Details about the Course Project Physics 313 1 Overview

Details about the Course Project
Physics 313
Instead of a final exam, the students taking this course will:
1. Prepare a 20-minute presentation to the class.
2. Write and hand in a 10-page double-spaced paper that summarizes your presentation in a clear organized way, similar to a short review article in a journal.
As a first step to prepare for your talk, please make an appointment to meet with me the week after fall break
so that I can help you to identify a suitable topic and to make sure that the topic will not take too much
time for you to investigate. Your presentation and paper can be on any topic related to the themes of this
course (e.g., theory, experiment, or simulation of some pattern-forming system) but it can not be related to
ongoing or previous research or for a previous course, for which you have already worked out the details of
a talk. What I have in mind would be that you identify a single clear question or issue that you can explain
and partly answer through your talk and paper.
As you prepare for your talk and paper, please do not hesitate to get in touch with me via e-mail or by
coming by my office, I will be glad to meet with you.
The Talk
Here are some guidelines for your presentation, followed in the next section by some guidelines for writing
the related paper.
1. In 20 minutes, you will only be able to explain why your topic is interesting, some implications of
your topic, and then present some conclusions. You should avoid discussing technical details unless
absolutely necessary. For example, instead of deriving any equation that you use, simply present an
equation and describe where it comes from (e.g., a conservation law) and why it is important. Similarly,
avoid discussing details of how particular experimental data were obtained, just present the data and
explain why the data are interesting and what one learns from the data.

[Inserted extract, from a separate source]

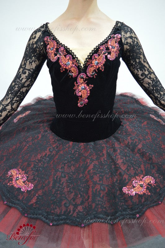 The bodice is made of elastic velvet, entirely decorated with sequins and trims, and features a flesh-colored insert on the chest. The bodice has two rows of hooks and eyes. The elegant look of this stage costume is emphasized by the black lace long sleeves.

2. Your talk should be interesting to a general audience, namely to your classmates and to myself. You
should do your best to motivate your talk by identifying one or two particular questions and explaining
their significance. The right level should be about that of a Scientific American article, with an emphasis
on why something is interesting rather than the details.
3. Many scientific talks are given in the form of a sequence of slides, say using PowerPoint or OpenOffice
Impress. If you choose to use this approach (as opposed to writing on the blackboard), please keep in
mind an important and practical guideline, which is that you should spend about 2 minutes per slide
so that your entire presentation should be no longer than about 12 slides long. If a particular slide
has important information, it will take you at least a minute or so to discuss that information. If you
spend more than about 2 minutes on a slide, then you likely have too many different ideas for a single
slide and you should replace that slide with two or more slides.
Note: I will be strictly enforcing the 20-minute limit so please make sure that your talk is not too long!
I recommend that you practice your talk with a clock before you present it to the class so that you
will finish within 20 minutes.
4. Each slide should be short and make only a few points (three at most). You should avoid using more
than one equation per slide. You should try to use a figure or animation whenever possible since most
audiences can grasp visual information more easily than mathematical information.
5. If you present a graph of data, make sure to take the time to discuss the important features of the
graph. You should explain what quantity is plotted on the x-axis and give its physical units, what
quantity is plotted on the y-axis and give its physical units, and indicate by pointing to the graph any
interesting or important features. You should not show a graph unless it makes a substantial point.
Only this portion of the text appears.